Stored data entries
┌──
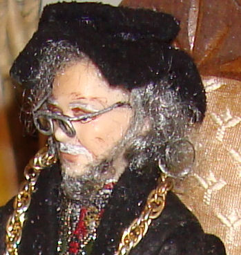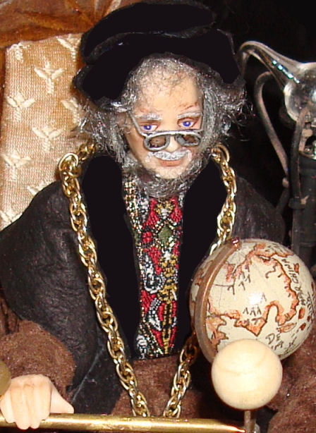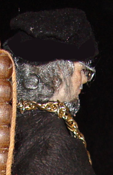 I felt a lot better when I made the Leonardo Da Vinci type hat, but I could not get his porcelain parts to look as natural in posture as I wanted. I put him away for quite a while and when I got him out again, he didn't look so bad, after all, and with the addition of glasses he finally became real for me.
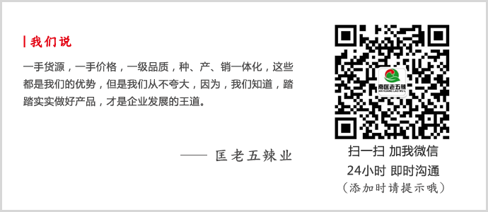 湖南匡老五辣業(yè),30年專(zhuān)注干辣椒批發(fā),如對我們的產(chǎn)品感興趣,歡迎點(diǎn)擊右側客服咨詢(xún)或者撥打400-6628-308,歡迎您的垂詢(xún)!
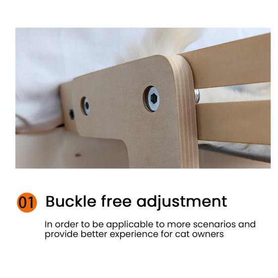 Простая установка, регулируемая конструкция: Установите наш кошачий гамак без усилий, без инструментов и повреждения стен.. Деревянная подставка регулируется по размеру, чтобы подходить для окон разной ширины и прикроватных тумбочек разной высоты, обеспечивая безопасное место для отдыха вашего кошачьего друга.
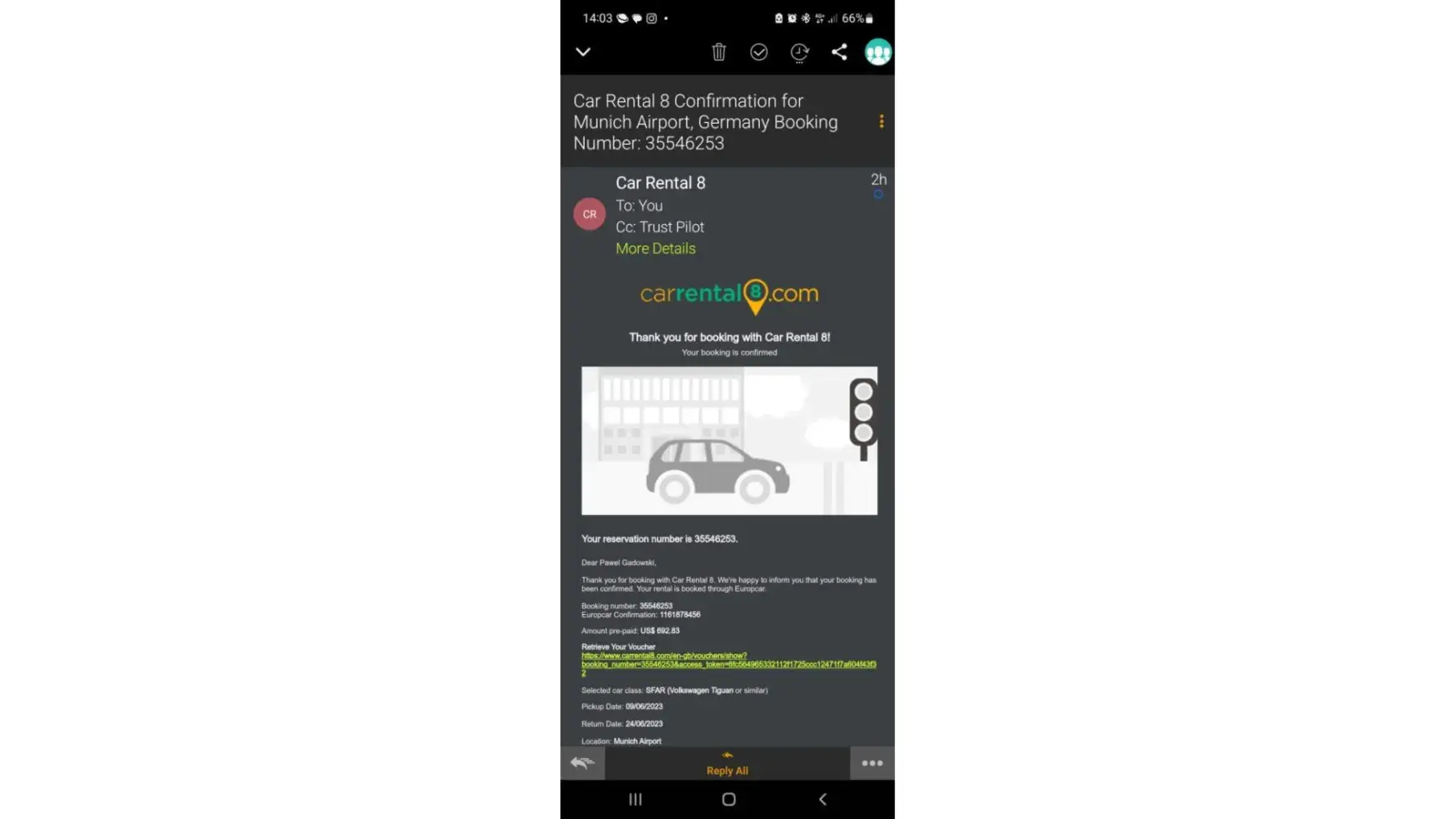 After getting a confirmation # we went to pick up the car in Munich only to find out that CarRental.com have canceled the rental for "suspected fraud" reason. This is nonsense. My credit card payment was verified on-line at the time of purchase. Instead of getting a car for a confirmed reservation for 2 weeks for unlimited mileage for ± $700, we had to pay over $5,000 for that same deal as there was no other options and we would have loose all hotel bookings in Europe if we did not start traveling that night.
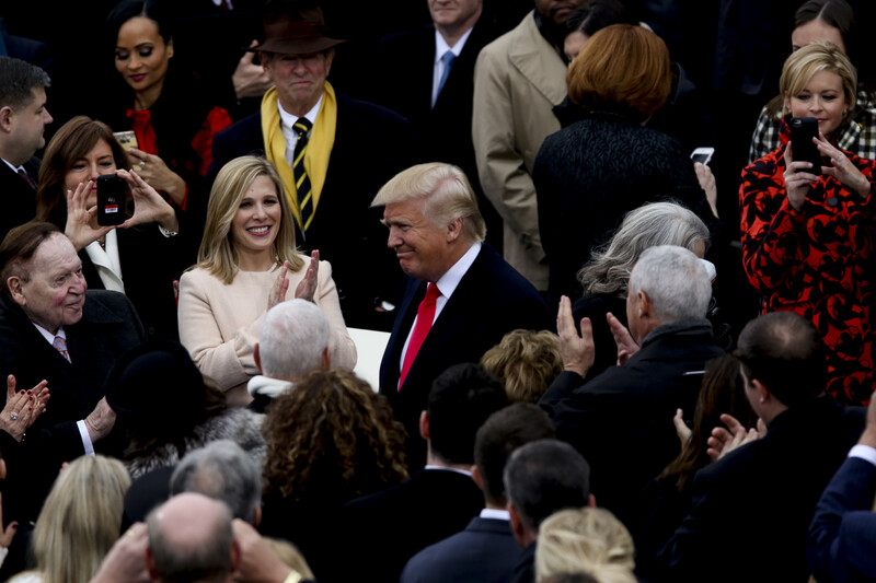 Seated immediately behind Trump during his inauguration speech was Miriam Adelson. She and her husband, Sheldon, also present on the dais, are billionaire funders of the Republican Party.
└──
**What this task involves:**
Leaving aside the images, write out every entry above exactly.

**Solution to the problem:**
 I felt a lot better when I made the Leonardo Da Vinci type hat, but I could not get his porcelain parts to look as natural in posture as I wanted. I put him away for quite a while and when I got him out again, he didn't look so bad, after all, and with the addition of glasses he finally became real for me.
 湖南匡老五辣業(yè),30年專(zhuān)注干辣椒批發(fā),如對我們的產(chǎn)品感興趣,歡迎點(diǎn)擊右側客服咨詢(xún)或者撥打400-6628-308,歡迎您的垂詢(xún)!
 Простая установка, регулируемая конструкция: Установите наш кошачий гамак без усилий, без инструментов и повреждения стен.. Деревянная подставка регулируется по размеру, чтобы подходить для окон разной ширины и прикроватных тумбочек разной высоты, обеспечивая безопасное место для отдыха вашего кошачьего друга.
 After getting a confirmation # we went to pick up the car in Munich only to find out that CarRental.com have canceled the rental for "suspected fraud" reason. This is nonsense. My credit card payment was verified on-line at the time of purchase. Instead of getting a car for a confirmed reservation for 2 weeks for unlimited mileage for ± $700, we had to pay over $5,000 for that same deal as there was no other options and we would have loose all hotel bookings in Europe if we did not start traveling that night.
 Seated immediately behind Trump during his inauguration speech was Miriam Adelson. She and her husband, Sheldon, also present on the dais, are billionaire funders of the Republican Party.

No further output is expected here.